◆ **Dataset**:
^^^^

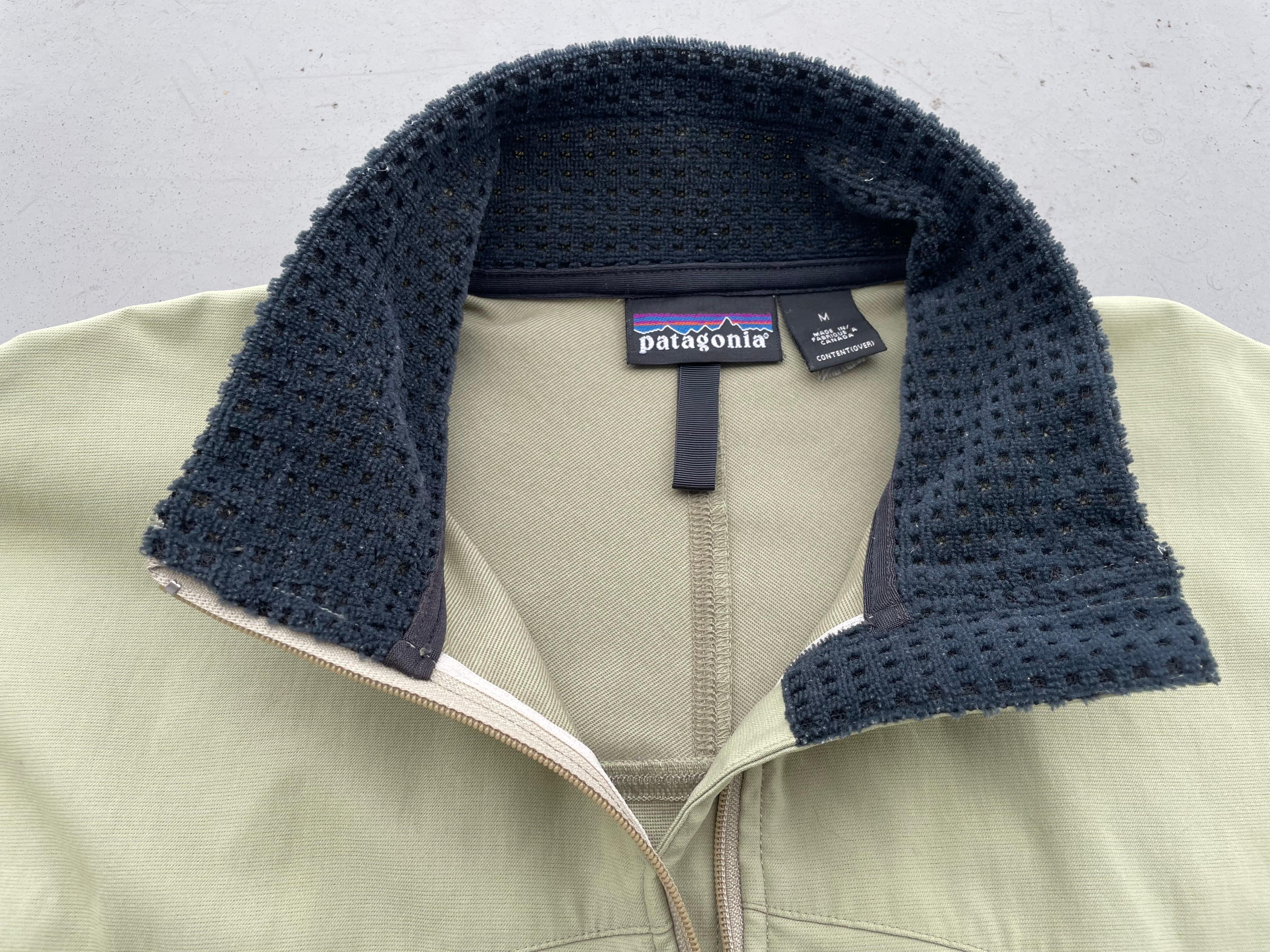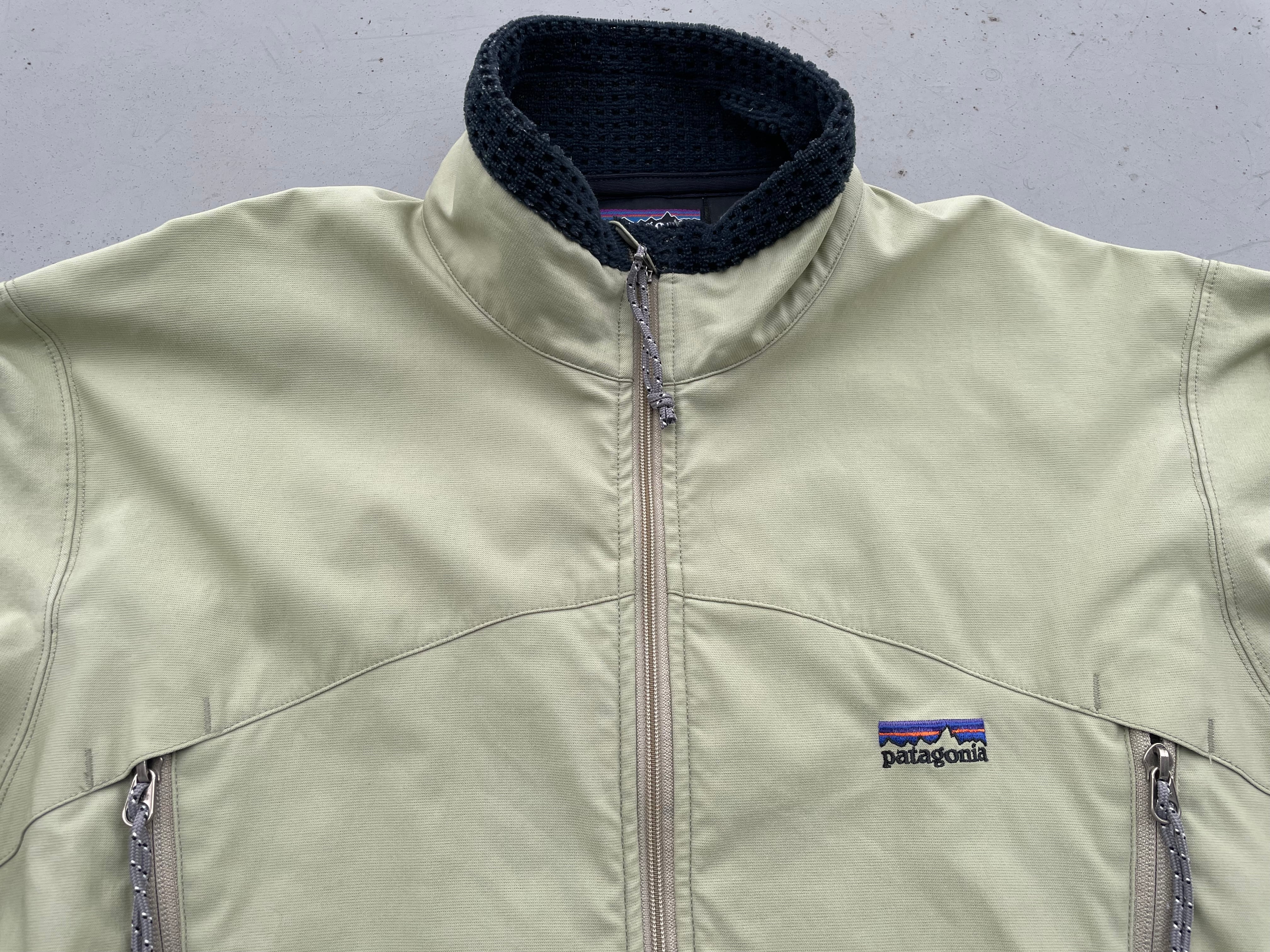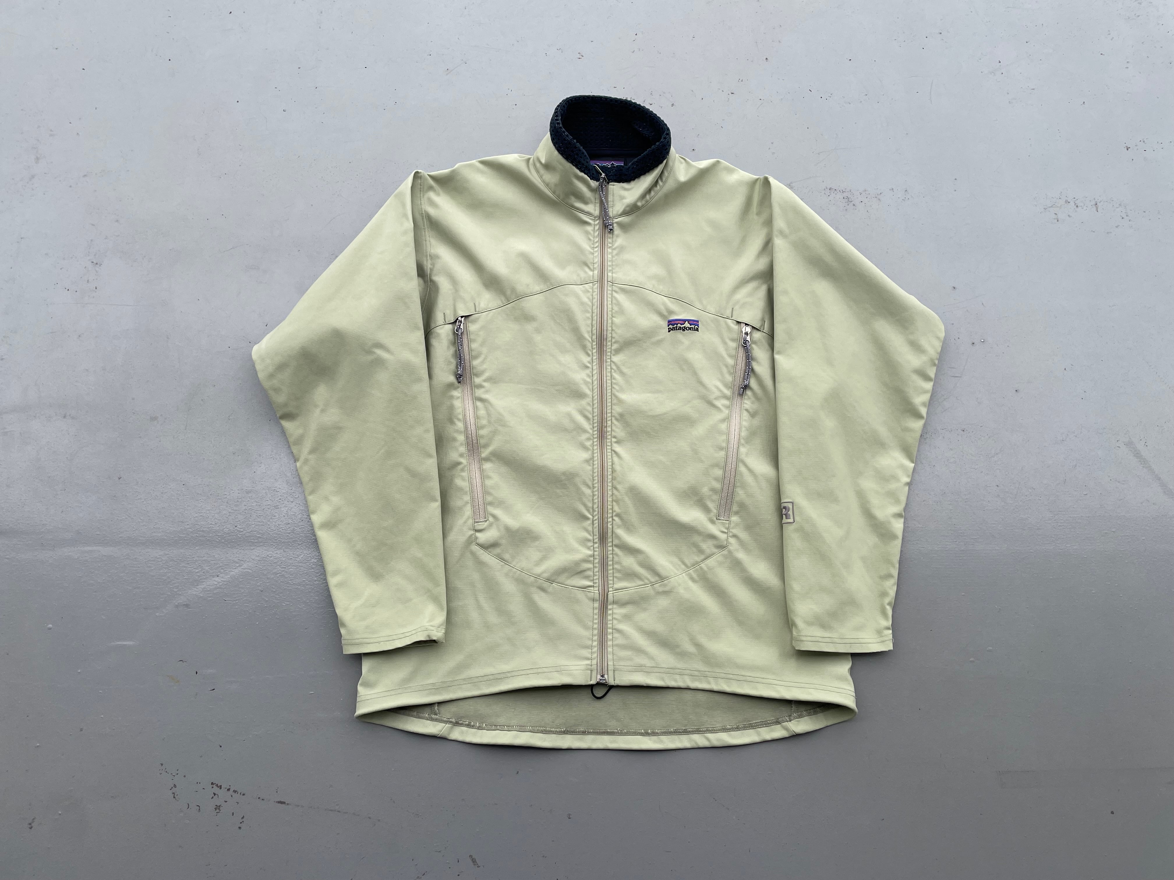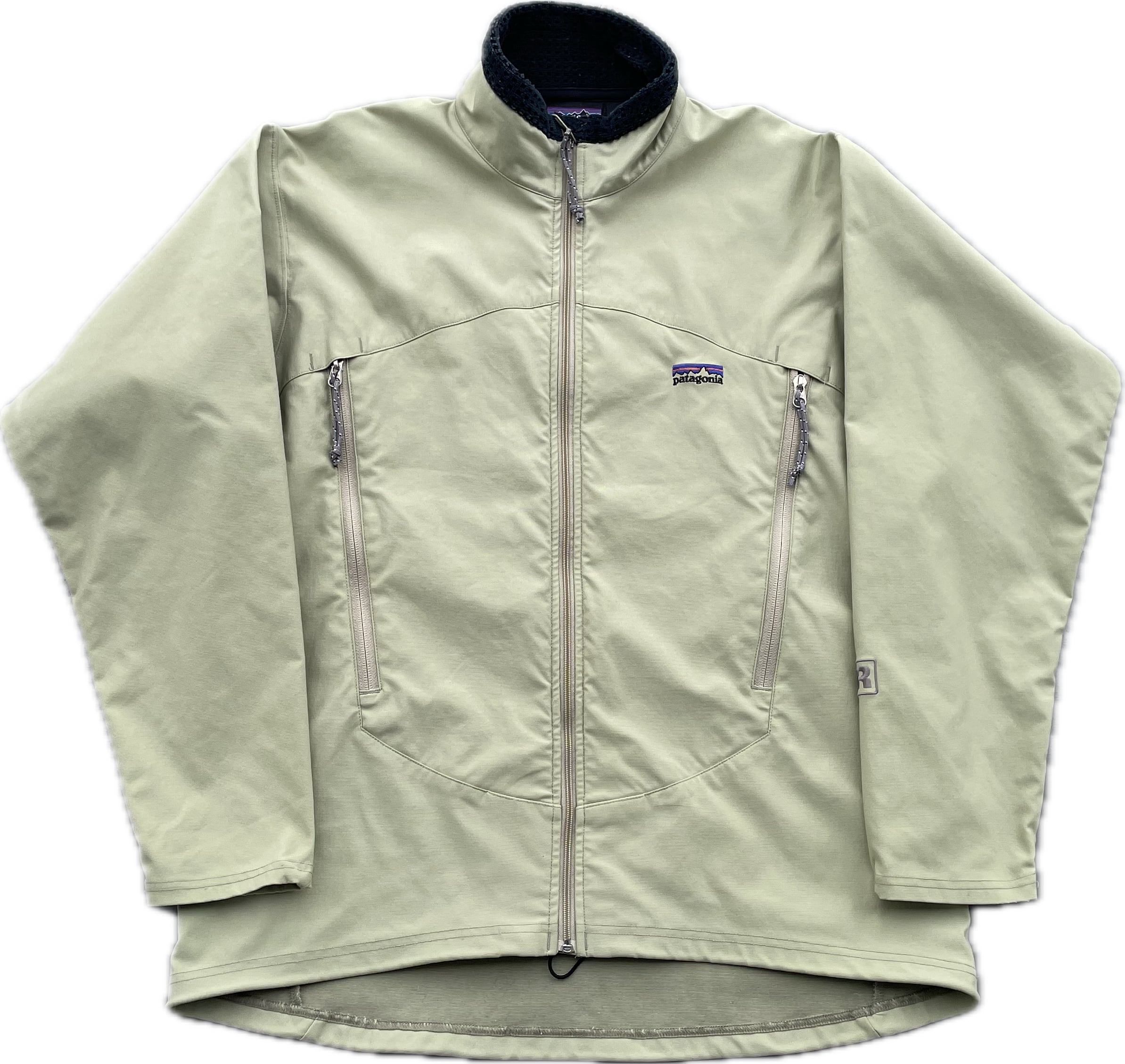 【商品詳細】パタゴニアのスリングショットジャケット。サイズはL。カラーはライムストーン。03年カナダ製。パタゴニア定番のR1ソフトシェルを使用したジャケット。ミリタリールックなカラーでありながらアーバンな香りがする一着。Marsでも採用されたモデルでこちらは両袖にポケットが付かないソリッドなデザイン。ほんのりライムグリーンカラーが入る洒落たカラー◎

^^^^

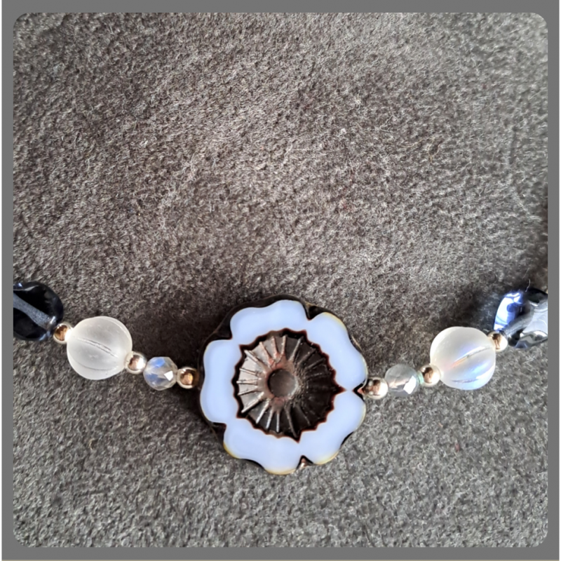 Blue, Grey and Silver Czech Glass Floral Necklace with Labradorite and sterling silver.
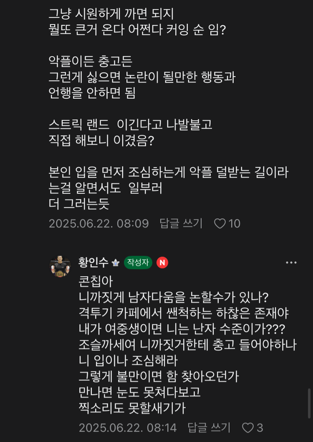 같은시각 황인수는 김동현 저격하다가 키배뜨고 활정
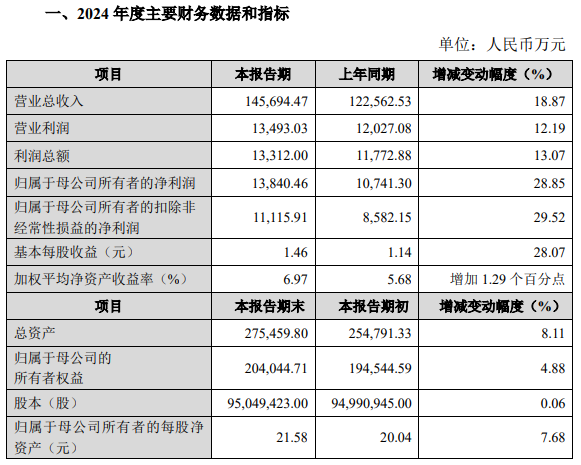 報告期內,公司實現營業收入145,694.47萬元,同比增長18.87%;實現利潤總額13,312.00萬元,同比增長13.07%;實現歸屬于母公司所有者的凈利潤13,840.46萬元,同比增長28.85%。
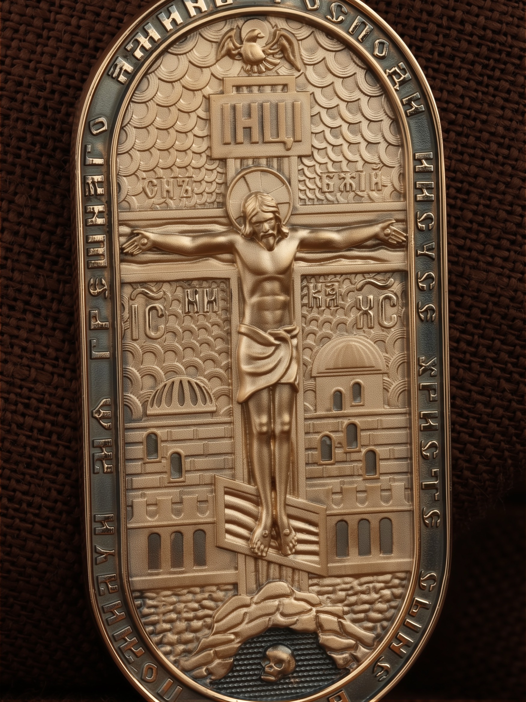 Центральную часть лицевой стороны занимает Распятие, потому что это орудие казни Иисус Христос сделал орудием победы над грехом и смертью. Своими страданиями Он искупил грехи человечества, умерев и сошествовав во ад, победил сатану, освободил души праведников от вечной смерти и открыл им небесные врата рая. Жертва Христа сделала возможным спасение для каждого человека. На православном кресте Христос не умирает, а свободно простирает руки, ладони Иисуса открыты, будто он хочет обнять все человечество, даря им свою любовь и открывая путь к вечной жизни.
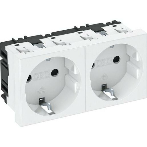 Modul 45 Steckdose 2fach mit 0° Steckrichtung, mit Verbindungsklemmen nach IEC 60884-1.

^^^^

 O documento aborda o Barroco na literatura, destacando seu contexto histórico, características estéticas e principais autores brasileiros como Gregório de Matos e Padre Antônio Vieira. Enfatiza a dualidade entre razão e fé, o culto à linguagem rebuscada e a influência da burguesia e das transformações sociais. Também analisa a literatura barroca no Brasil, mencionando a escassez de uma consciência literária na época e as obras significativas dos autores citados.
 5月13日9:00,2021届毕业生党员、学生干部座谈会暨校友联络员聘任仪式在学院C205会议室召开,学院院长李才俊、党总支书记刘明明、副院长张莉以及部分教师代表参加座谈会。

^^^^

◆ **What to produce**:
Starting at the line containing "Blue, Grey and" and stopping at the line containing "報告期內,公司實現營業收入1", output every line above exactly, both ends included, with pictures omitted.

◆ **Answer space**:
 Blue, Grey and Silver Czech Glass Floral Necklace with Labradorite and sterling silver.
 같은시각 황인수는 김동현 저격하다가 키배뜨고 활정
 報告期內,公司實現營業收入145,694.47萬元,同比增長18.87%;實現利潤總額13,312.00萬元,同比增長13.07%;實現歸屬于母公司所有者的凈利潤13,840.46萬元,同比增長28.85%。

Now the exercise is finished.